Today there were protests all across the United States in support of immigrants, so I wanted to blog about some of the great American dramatists who were immigrants:
Dion Boucicault - Born in Ireland, Dion Boucicault moved to England where he rose to fame with his play London Assurance, which Madame Vestris produced at Covent Garden. After a string of hits in London, he moved to New York, where he conquered Broadway with his melodrama The Poor of New York. The play was actual adapted from a French work, but Boucicault went on to write the quintessentially American play The Octoroon, which Branden Jacobs-Jenkins recently adapted for the 21st century. Boucicault is perhaps the first truly great American playwright. (Though you could argue for the French-born Anna Cora Mowatt.) And, of course, he was an immigrant.
Kurt Weill - Don't you love "Mack the Knife," "September Song," and "The Saga of Jenny"? All of those hit Broadway songs were written by the German immigrant Kurt Weill. "Mack the Knife" of course came from The Threepenny Opera, which Weill originally wrote in Berlin with Bertolt Brecht and Elizabeth Hauptmann. Being as he was a gay Jewish leftist, Weill had to flee Hitler's Germany, first to Paris, then London, and eventually New York. That's where he collaborated with Maxwell Anderson on Knickerbocker Holiday, which gave us the jazz standard "September Song." "The Saga of Jenny" comes from Lady in the Dark, and featured lyrics by the all-American Ira Gershwin, who was--incidentally--the son of immigrants.

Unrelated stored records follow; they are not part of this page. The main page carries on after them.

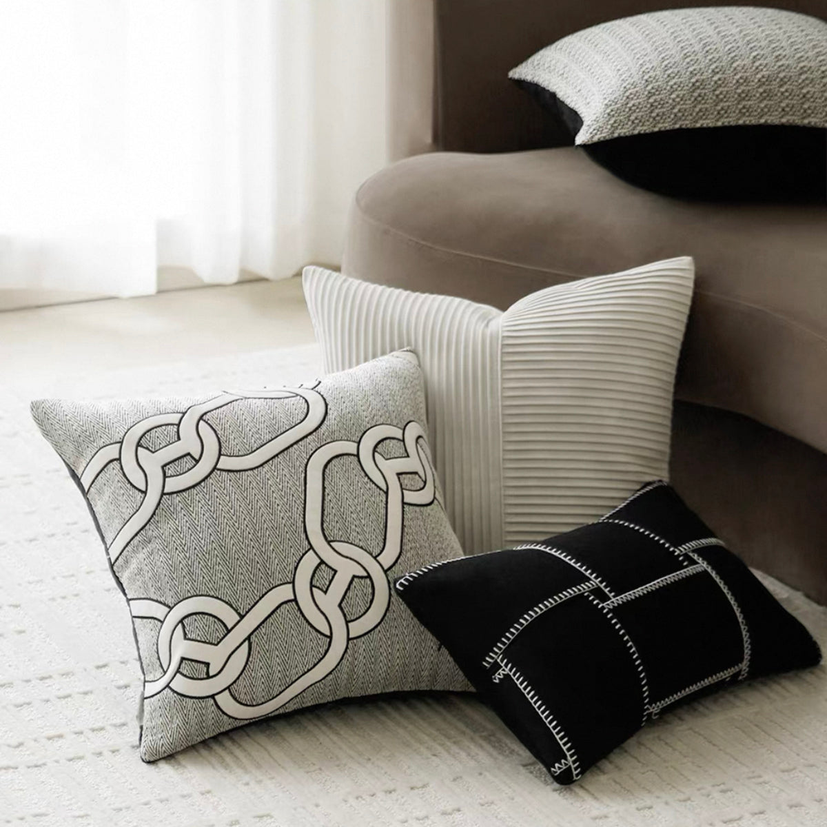 Introducing the Stitch Noir cushion, a striking addition to any home décor that marries simplicity with a bold aesthetic. This unique piece features a rich black fabric enhanced by white contrast stitching, creating a graphic pattern that draws the eye and adds a touch of modern sophistication.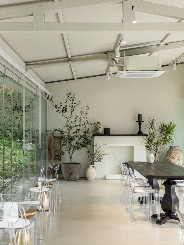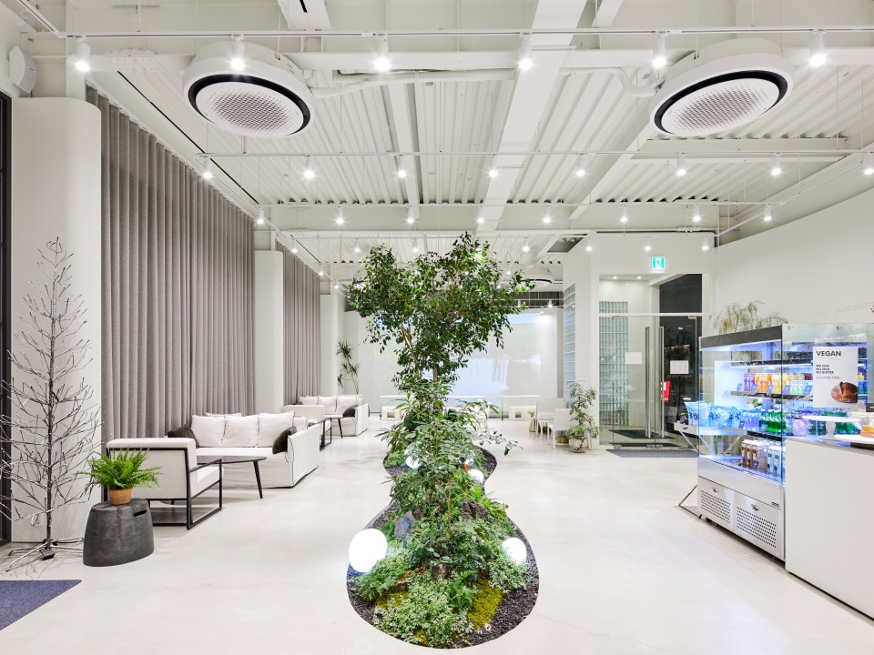 어반런드렛의 핵심 가치는 ‘Keep Clean, Green’에서 시작됐는데요. 이 철학을 공간에 적용해보니 친환경 세탁소, 건강한 마실 거리와 먹거리를 제공하는 카페 그리고 환경을 생각하는 전기차 충전소가 떠오르더라고요. 세 가지 기능을 한 공간에 결합하면 되겠다는 생각이 들었죠. 단순히 서비스를 파는 곳이 아니라 브랜드 철학을 경험하는 공간이 되길 바랬어요. 어쩌면 이 세 가지가 어반런드렛 더 테라스에 필연적 요소였을지도 모르죠.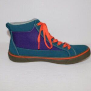 This hard to find Pair of Retired color Eddie Bauer Unisex STORM SNEAKER Water Resistant Shoe Book Mens 10.5 / Womens 12 in Blue Purple Orange are in fantastic condition worn a handful of times still bright and tons of use in them.

Maria Irene Fornes - Born in Cuba, Maria Irene Fornes moved to New York in the 1950s. Her play Fefu and Her Friends has become a modern classic. I've always been a fan of her brutal one-act play The Conduct of Life, and spoke about it when she received the 2015 Edwin Booth Award. Recently, the Signature Theatre produced her short play Drowning, which reimagined a story by Anton Chekhov, but was told from the point of view of aliens from outer space. Fornes wasn't from outer space, but she was once an alien to this country, before become one of America's great playwrights of the 20th century.
Nilo Cruz - Speaking of Cuban-American playwrights, Nilo Cruz, who won the 2003 Pulitzer Prize for his drama Anna in the Tropics, was born in Matanzas in Cuba, but immigrated to Miami as a child when his parents fled communism. Cruz's play Sotto Voce tells the story of a woman mourning the failure of both Cuba and the United States to take in Jewish refugees fleeing Nazi Germany. As a former refugee himself, Cruz certainly knows the importance of showing compassion to those who arrive on your borders.
Martyna Majok - And who won the most recent Pulitzer Prize for drama? That would be Polish-born playwright Martyna Majok. I haven't seen The Cost of Living, which garnered her the award, but her play Ironbound is wonderful, and deals quite poignantly with coming of age in urban America.